Institutional rationales: Until its October 2011 incursion into Somalia, the KDF had not engaged in battlefield combat with an enemy force. UN peace operations therefore provides KDF soldiers with valuable first-hand operational experiences abroad. Kenya’s participation in peace operations also exposes the KDF to strategic partnerships with militaries from developed countries which assist in building structural capacities in the ever-evolving modern warfare (including asymmetric warfare currently employed by terrorist groups) as well as opening avenues of access to training facilities and the latest hardware through grants. The International Peace Support Training Centre (IPSTC) in Kenya for instance, is a primarily multi-donor funded asset that provides multinational classroom and seminar instruction at the operational and strategic level. Kenya’s bilateral agreements with the US have in the past covered inter alia support to UN-authorized peace keeping operations as well as funding for major new arms deliveries and increased military training.
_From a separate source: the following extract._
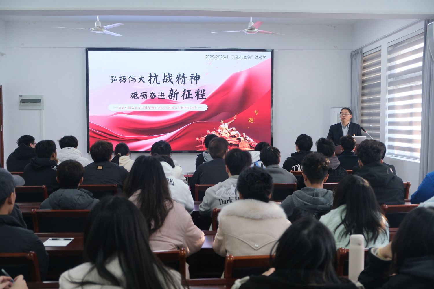 唐柏鉴从当前世界形势与现状引入,围绕中国人民抗日战争为世界反法西斯战争胜利作出重大贡献、从抗日战争中汲取民族复兴的强大力量、伟大抗战精神是中国人民弥足珍贵的精神财富等方面,对新时代如何传承弘扬伟大抗战精神、矢志推进民族复兴伟业进行了深入阐述。课后,他详细了解了学生们的学习生活近况,听取了学生们对课堂教学、校园环境、后勤服务等方面的意见建议,并分享了学校在博士点建设、硕士推免工作等方面的最新情况。

Normative rationales: Kenya’s foreign policy guidelines stipulate that the maintenance of peace is at the heart of the five pillars viz. economic diplomacy, peace diplomacy, environmental diplomacy, cultural diplomacy and diaspora diplomacy. To support the maintenance of peace Kenya participates in several international institutions, including the first and fourth committees of the UN General Assembly. At the continental level, the fact that the bulk of Kenyan troops have deployed to African countries signifies its focus on contributing to the stabilization of Africa. This contributes to the broad vision of the AU Agenda 2063 which envisions an integrated, prosperous and peaceful Africa, driven by its own citizens and representing a dynamic force in the global arena.

Part 4: Barriers to Contributing

Alternative institutional preferences for crisis management: Kenya is a major protagonist in regionalization processes both in economic and security terms. It is a key proponent of the East African Community as well as the Inter-governmental Authority on Development (IGAD). Inasmuch as Kenya has been a big contributor to UN peace operations in the past, there has been a decline in contribution in recent years. This decline correlates with Kenya’s increasing important role within the Africa Peace and Security Architecture and may hint to shifting priorities with regard to contributing to the regional standby force rather than UN missions. As part of this regionalization process, Kenya hosts the Coordination Mechanism of the Eastern Brigade and is also home to the International Peace Support Training Centre, one of the regional training centers for peacekeeping forces in Eastern Africa.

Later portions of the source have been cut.